• EXERCISE REQUIREMENTS
Under this line is a listing; return exactly the lines starting at the one with "Vasketøjskurv i bambus" and running down to the one with "Düğmeli Fularlı Uzun Tunik Lacivert", and leave out its pictures.

• SOURCE DATA
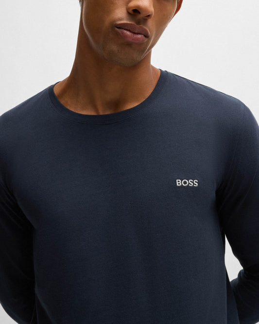 Vendor:BOSS Orange Mix&Match Mens Long Sleeve Stretch-Cotton T-Shirt with Embroidered Logo - Dark Blue 403 - Dark Blue 403BOSS Orange
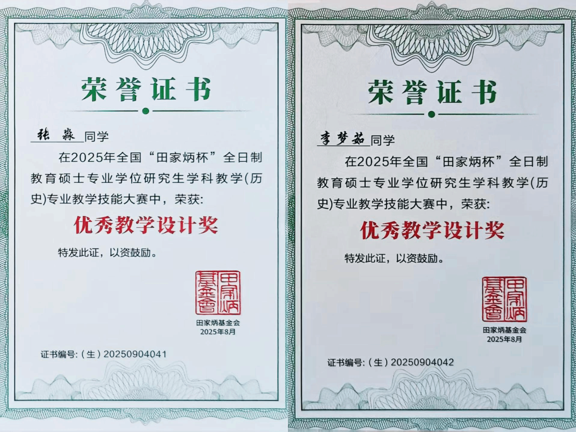 2023级与2024级学科教学(历史)专业硕士研究生张淼、李梦茹分别斩获一等奖及“优秀教学设计奖”、三等奖及“优秀教学设计奖”,指导教师黄俊华荣获“优秀指导教师奖”。
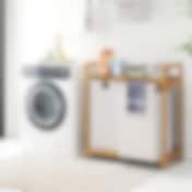 Vasketøjskurv i bambus med hylde og 2 aftagelige poser – Hvid/træ
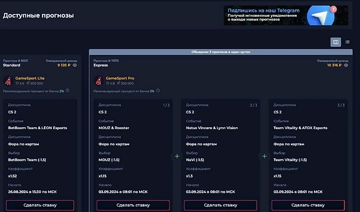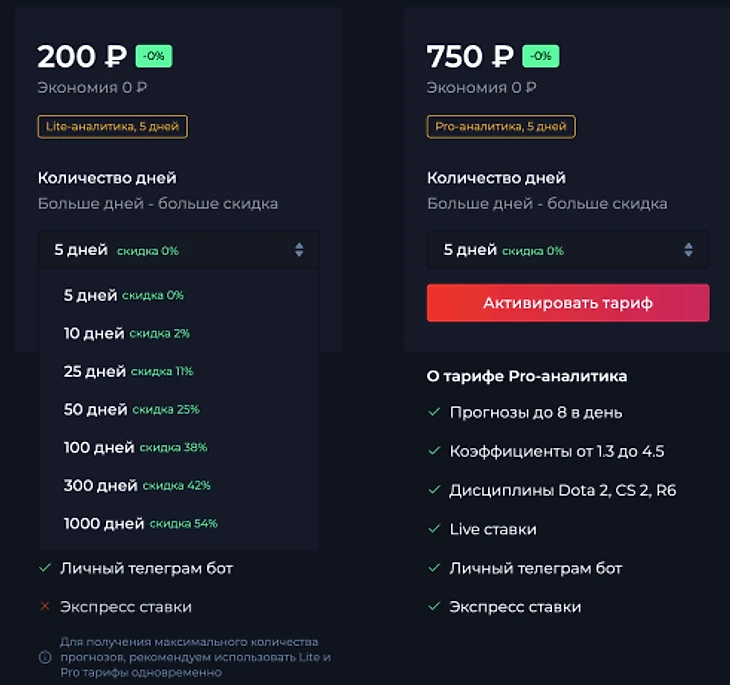 На тарифе Pro-аналитика периодически публикуют экспресс-прогнозы. На тарифе Lite-аналитика нет экспресс-ставок.
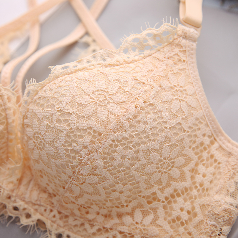 Beautiful back bra gathered without steel ring sexy breast adjustable lace bra small chest top front buckle underwear woman
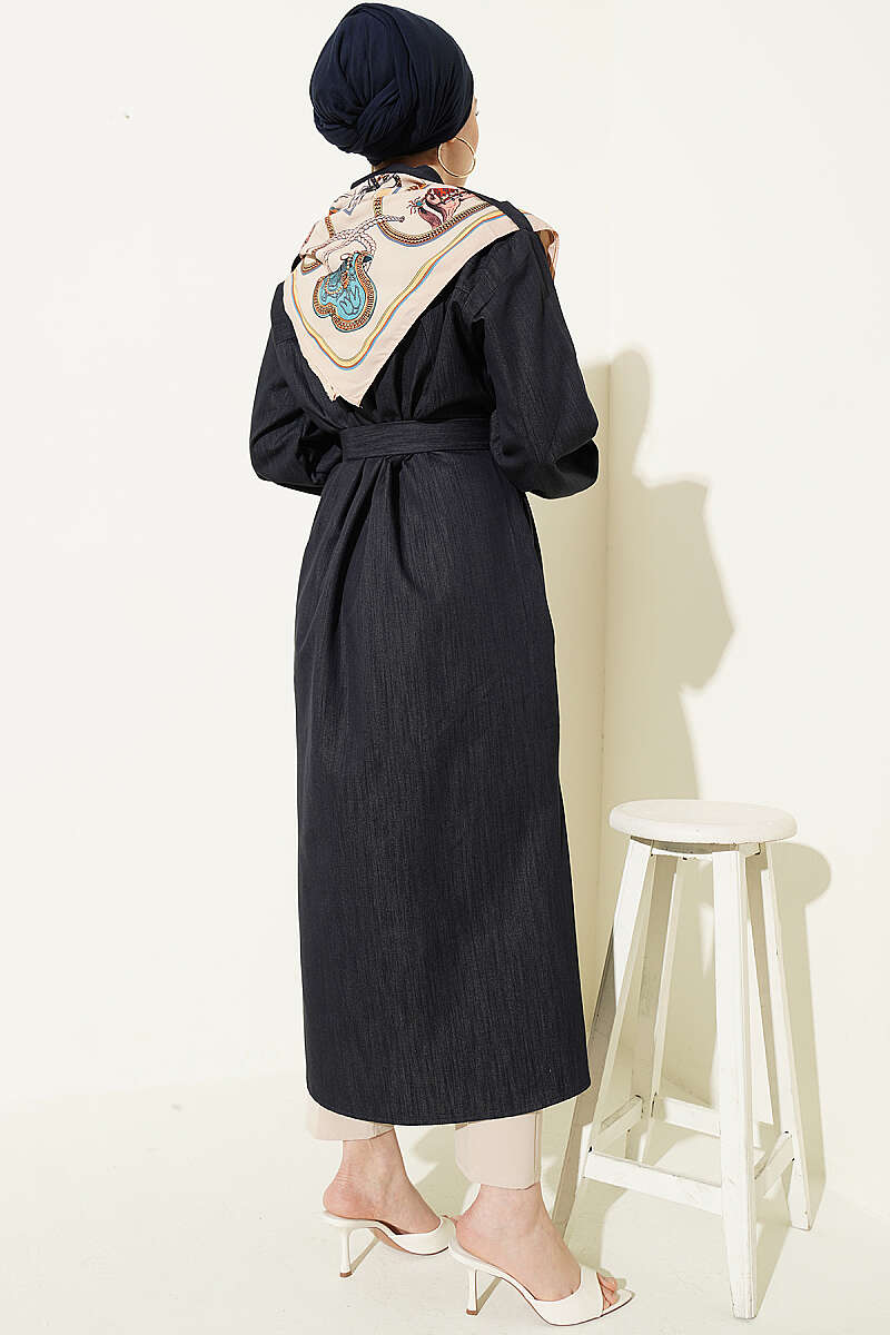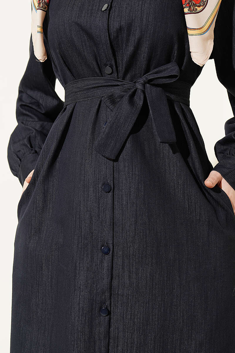 Düğmeli Fularlı Uzun Tunik Lacivert
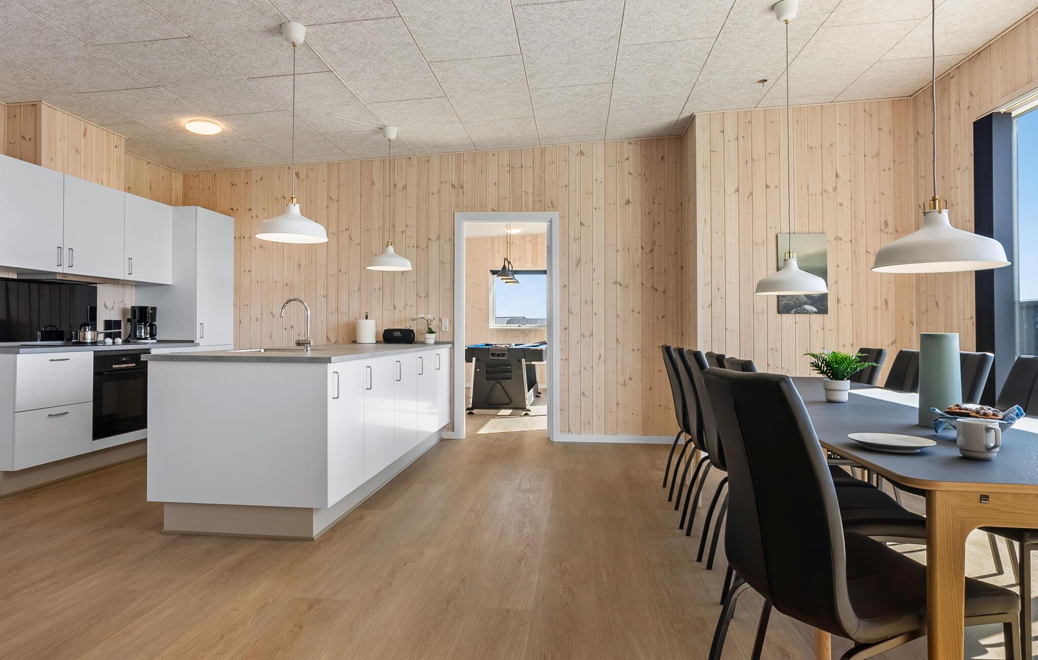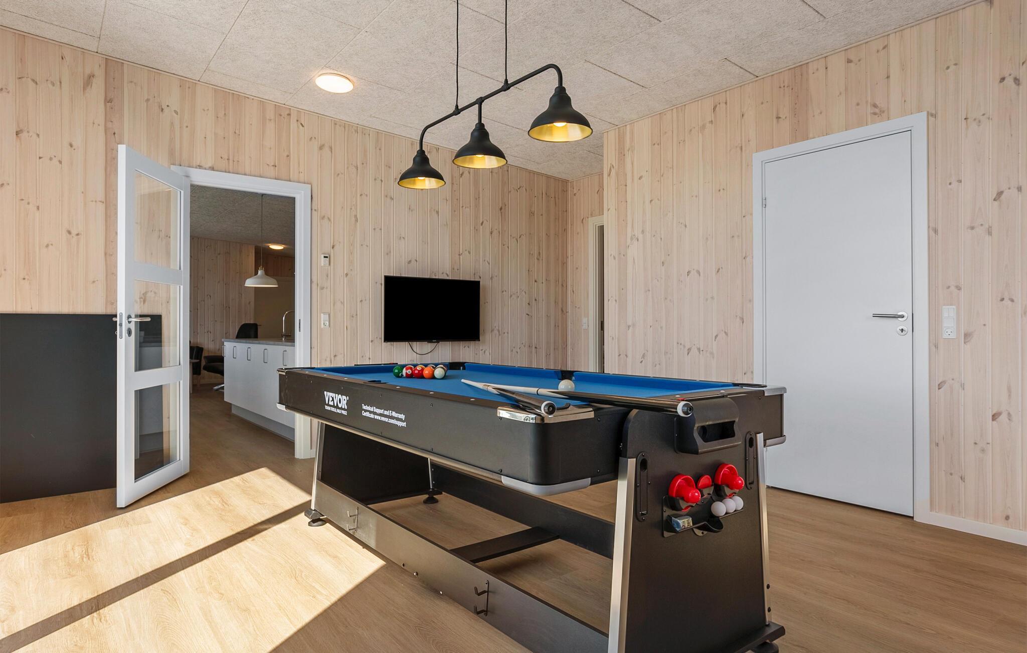 Dette lyse og stilfuldt indrettede feriehus byder på masser af plads og er perfekt til en større familie eller en gruppe venner, der ønsker en afslappende pause. Glæd jer til hyggelige madlavningsaftener, fælles måltider og rolige stunder i saunaen. Slap af i indendørsspabadet, tag en dyst ved billardbordet, og afhold hyggelige spilleaftener i den indbydende stue.
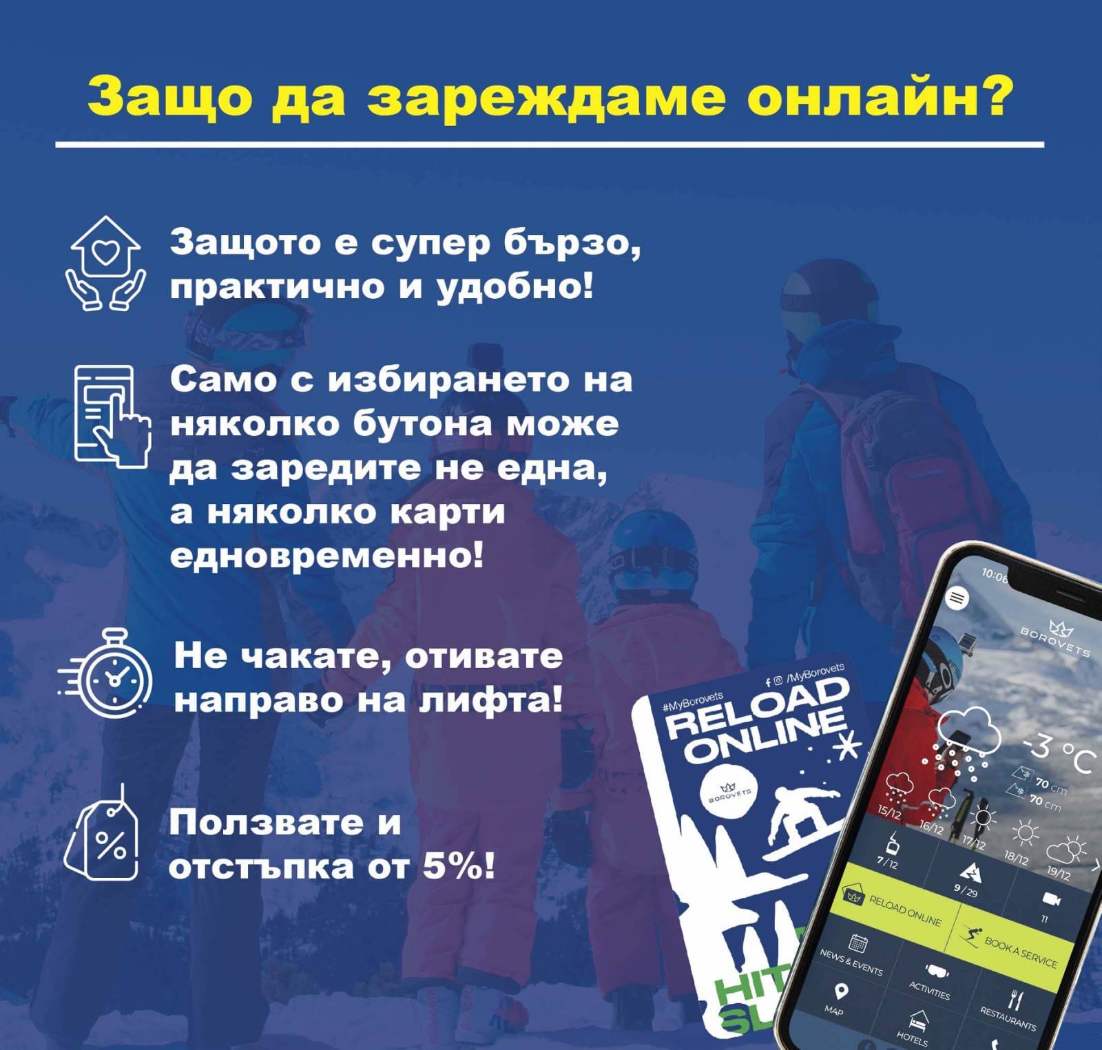4.1. Мобилното приложение "My Borovets" предоставя достъп до интегрираната с него он-лайн платформа предназначена за онлайн презареждане на лифт карти. Приложението е разработено за всяка една от 2-те най-популярни мобилни операционни системи – iOS (Apple) и Android (Google). Целта на мобилното приложение е да предоставя информация за метеорологичната обстановка и условията за практикуване на зимни спортове в курорта, развлекателни активности, новини, събития и полезни контакти в к.к. Боровец, да предоставя онлайн платформа за презареждане на безконтактни лифт карти и резервиране на ски услуги – наем на екипировка и ски/сноуборд уроци.
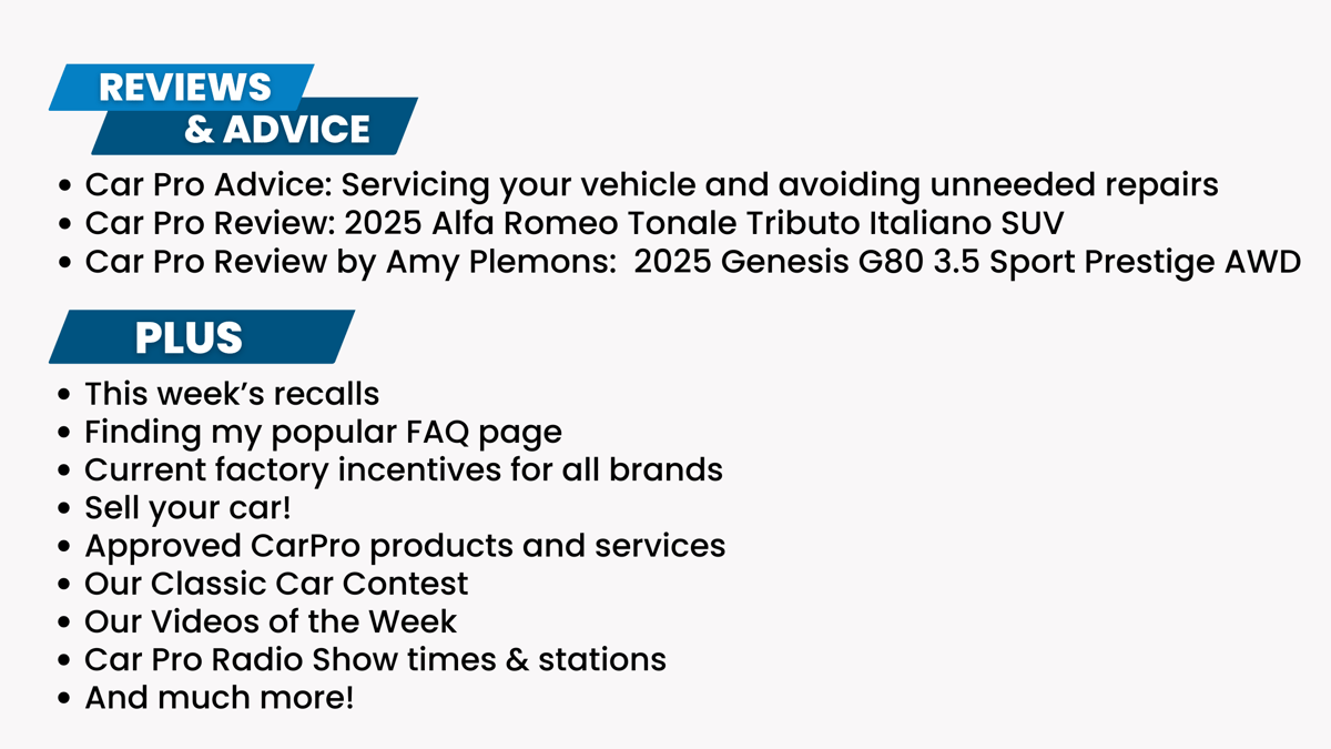 We so appreciate all of you who take this newsletter and listen to the show every week. We know that without you, there is no Car Pro Radio Show. So always let us know when we can help you. If you have not been there lately, take a look at our website, www.carpro.com, it changes all the time!
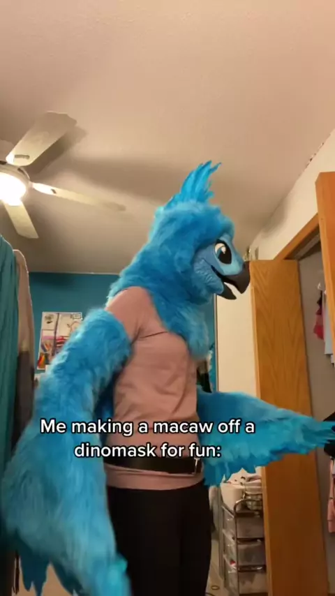 I like it tho#furry#fursuit#fursuitmaker#youngfurry#dinomask#dinomaskfursuit#furriesof#furryfandom#macaw#bluemacaw#fursuithead#
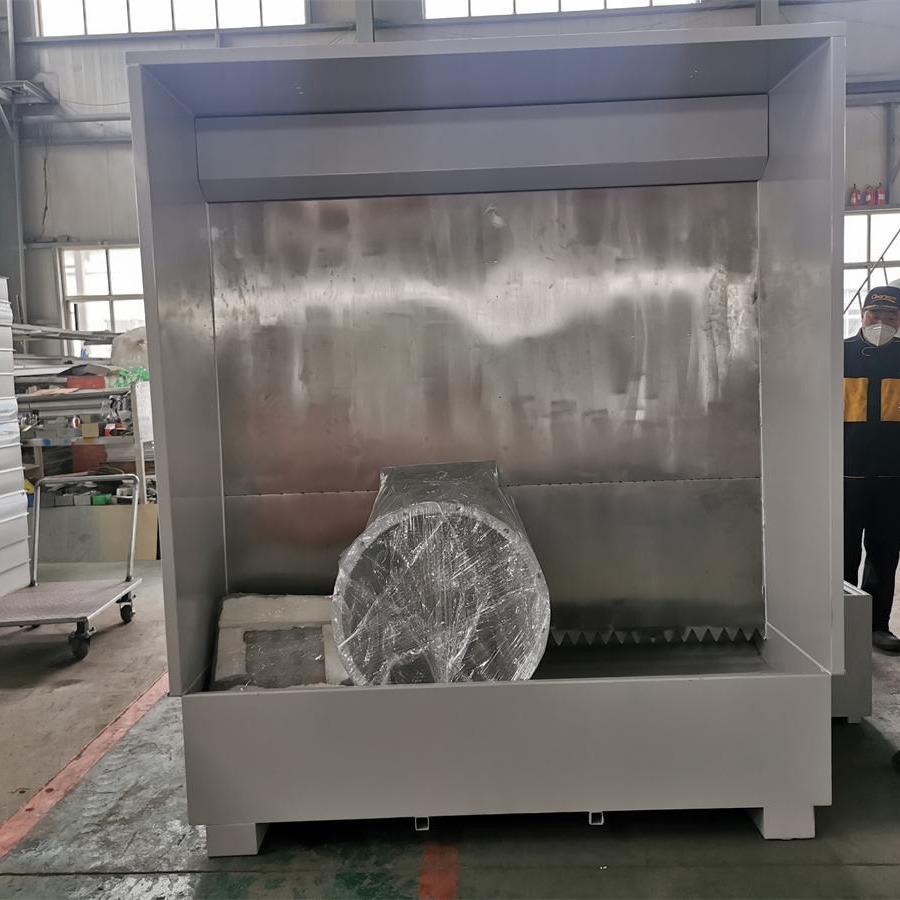 watergordijnkas met een afmeting van 2000 × 1100 × 2400 mm is ontworpen om lakpoeder op te vangen en geuren te filteren tijdens het spuitverven.
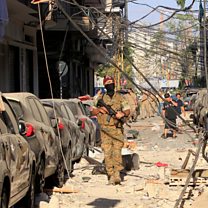 (Photo: A member of the security forces walks along a smashed-up street near the site of Tuesday’s blast in Lebanon Credit: Reuters/Aziz Taher/File Photo)
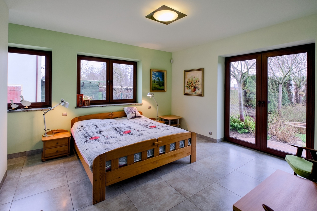 – główna sypialnia z własną garderobą i wyjściem na taras
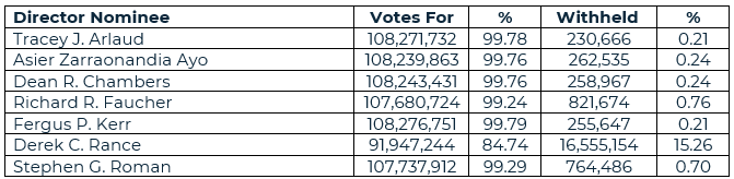 A total of 137,372,872 common shares representing 44.59% of the common shares outstanding as of the Record Date; May 6, 2025 were voted.
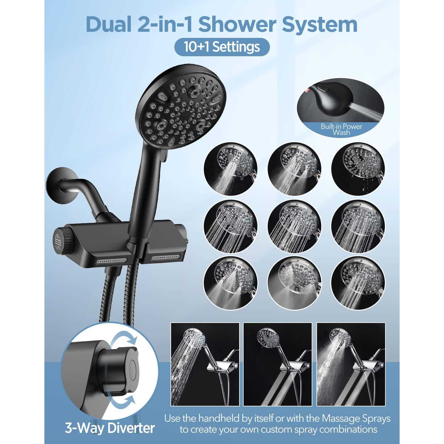 MakeFit Filtered Shower Head with Handheld Combo Matte Black – Dual 2-in-1 Spa System with Massage Shower Head and 10 Modes Hand Held Shower Head,

• TASK RESULT
 Vasketøjskurv i bambus med hylde og 2 aftagelige poser – Hvid/træ
 На тарифе Pro-аналитика периодически публикуют экспресс-прогнозы. На тарифе Lite-аналитика нет экспресс-ставок.
 Beautiful back bra gathered without steel ring sexy breast adjustable lace bra small chest top front buckle underwear woman
 Düğmeli Fularlı Uzun Tunik Lacivert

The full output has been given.